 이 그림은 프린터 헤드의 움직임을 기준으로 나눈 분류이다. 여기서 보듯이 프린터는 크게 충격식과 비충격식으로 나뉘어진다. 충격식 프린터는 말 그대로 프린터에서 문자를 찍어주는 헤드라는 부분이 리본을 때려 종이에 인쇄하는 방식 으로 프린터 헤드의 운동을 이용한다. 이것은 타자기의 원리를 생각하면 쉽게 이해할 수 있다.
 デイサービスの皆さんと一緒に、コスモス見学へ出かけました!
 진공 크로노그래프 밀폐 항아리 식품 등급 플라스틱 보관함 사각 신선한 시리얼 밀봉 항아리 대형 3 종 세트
---
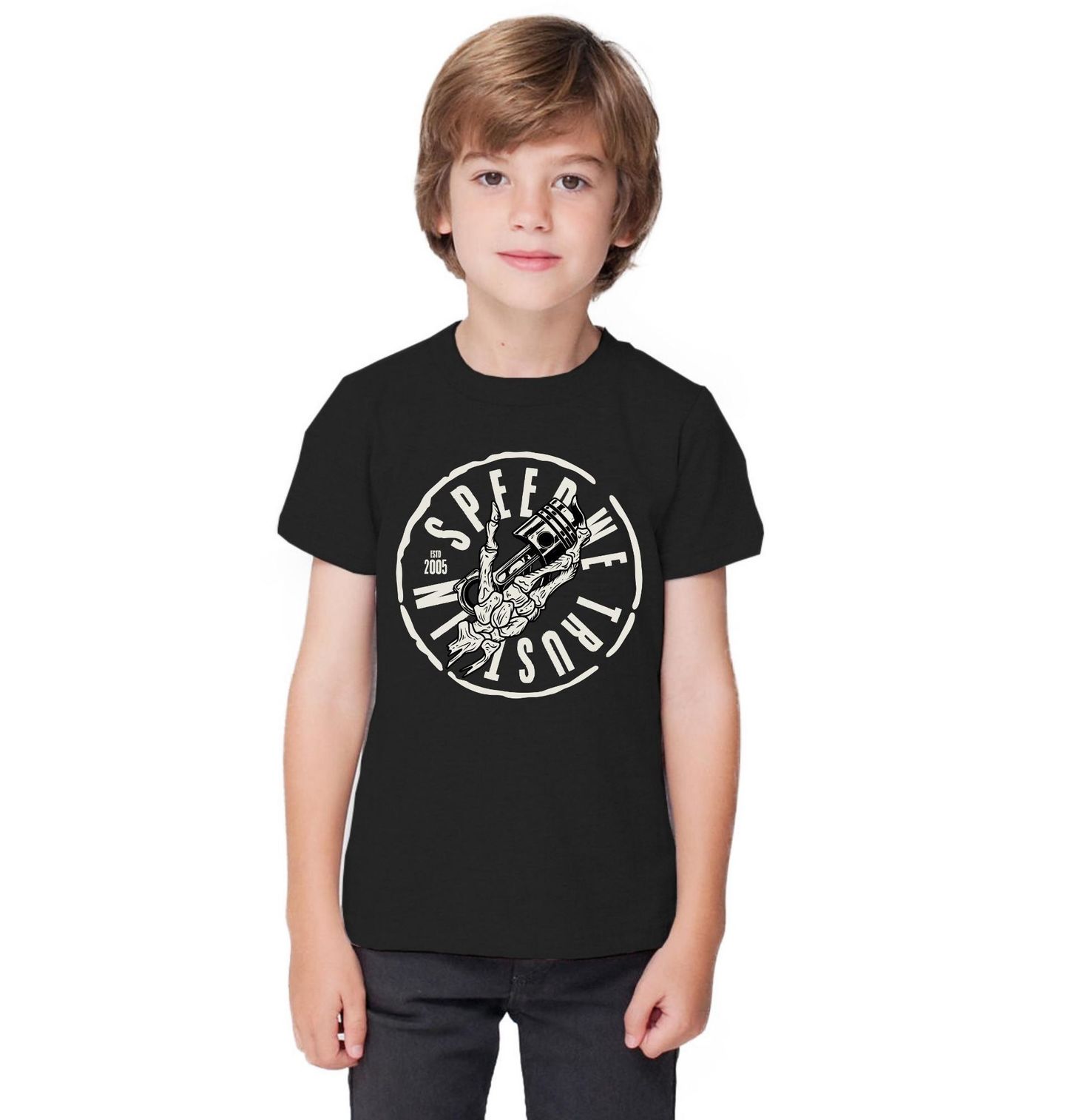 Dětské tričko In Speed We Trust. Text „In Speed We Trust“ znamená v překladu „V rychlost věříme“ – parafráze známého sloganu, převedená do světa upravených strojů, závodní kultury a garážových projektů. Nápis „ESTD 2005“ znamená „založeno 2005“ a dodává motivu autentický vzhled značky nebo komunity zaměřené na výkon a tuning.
* * *
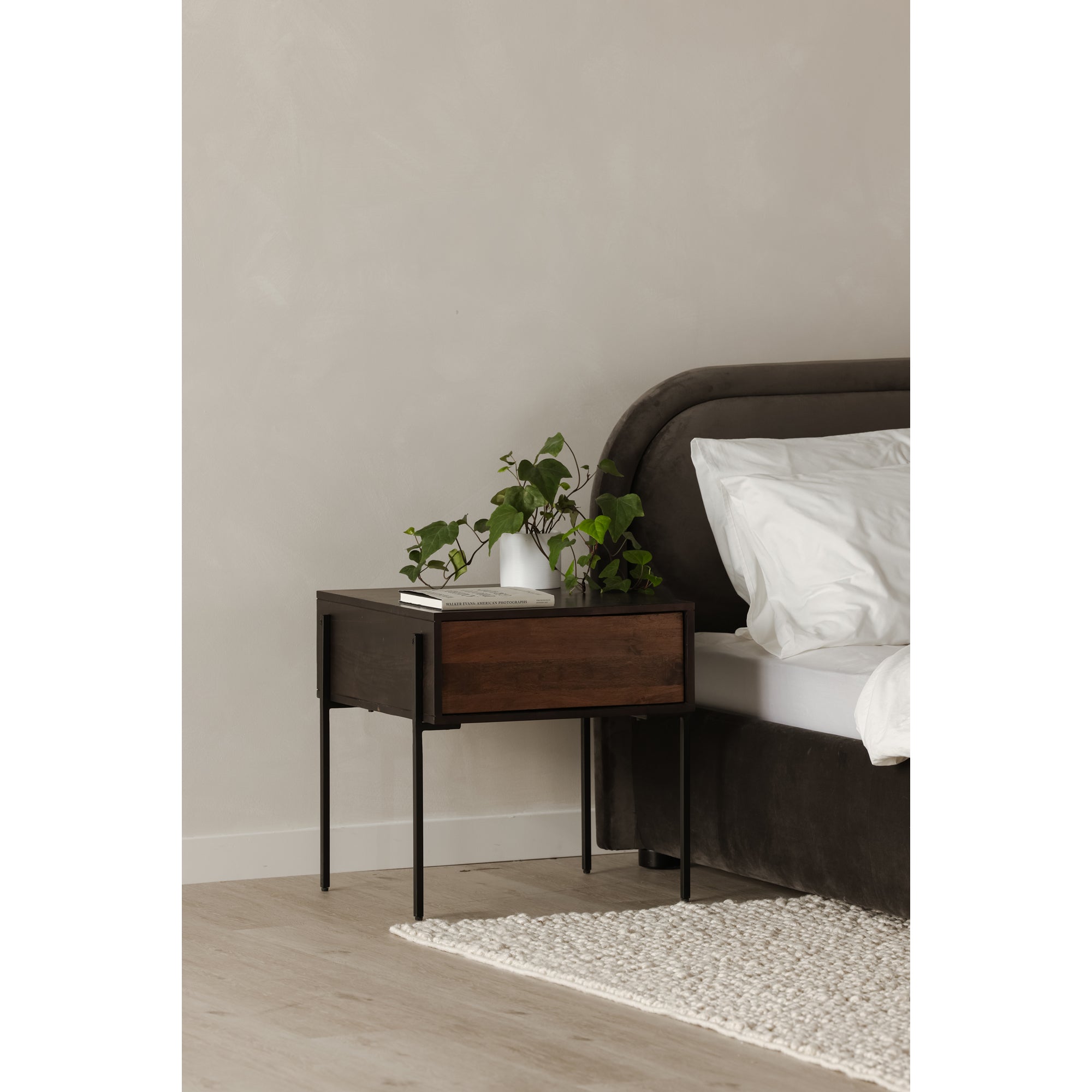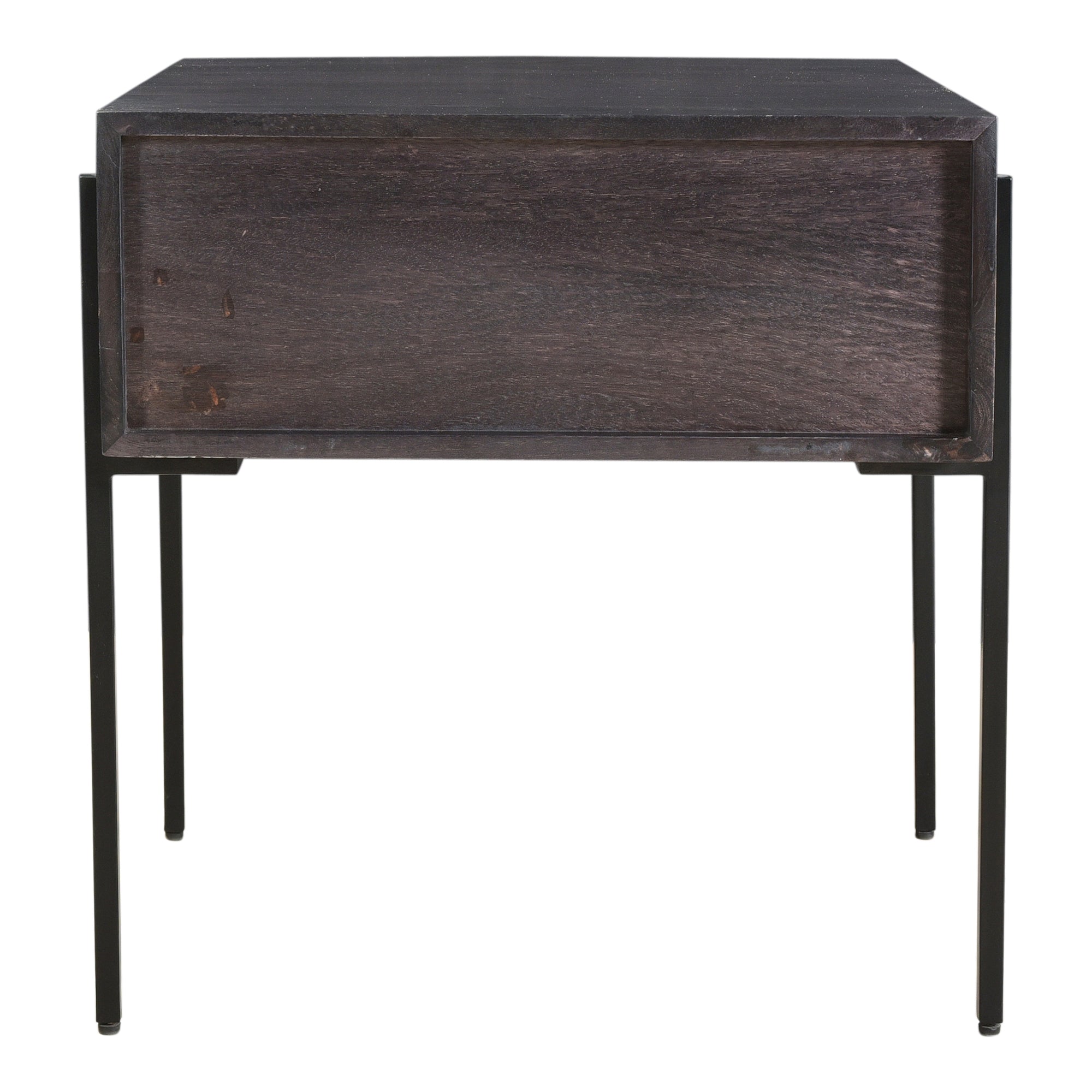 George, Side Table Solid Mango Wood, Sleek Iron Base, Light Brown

HOW TO COMPLETE THIS TASK. Copy back the listing above exactly, but only from the line with "이 그림은 프린터 헤드의" through the line with "진공 크로노그래프 밀폐", both ends included.

RESPONSE BOX.
 이 그림은 프린터 헤드의 움직임을 기준으로 나눈 분류이다. 여기서 보듯이 프린터는 크게 충격식과 비충격식으로 나뉘어진다. 충격식 프린터는 말 그대로 프린터에서 문자를 찍어주는 헤드라는 부분이 리본을 때려 종이에 인쇄하는 방식 으로 프린터 헤드의 운동을 이용한다. 이것은 타자기의 원리를 생각하면 쉽게 이해할 수 있다.
 デイサービスの皆さんと一緒に、コスモス見学へ出かけました!
 진공 크로노그래프 밀폐 항아리 식품 등급 플라스틱 보관함 사각 신선한 시리얼 밀봉 항아리 대형 3 종 세트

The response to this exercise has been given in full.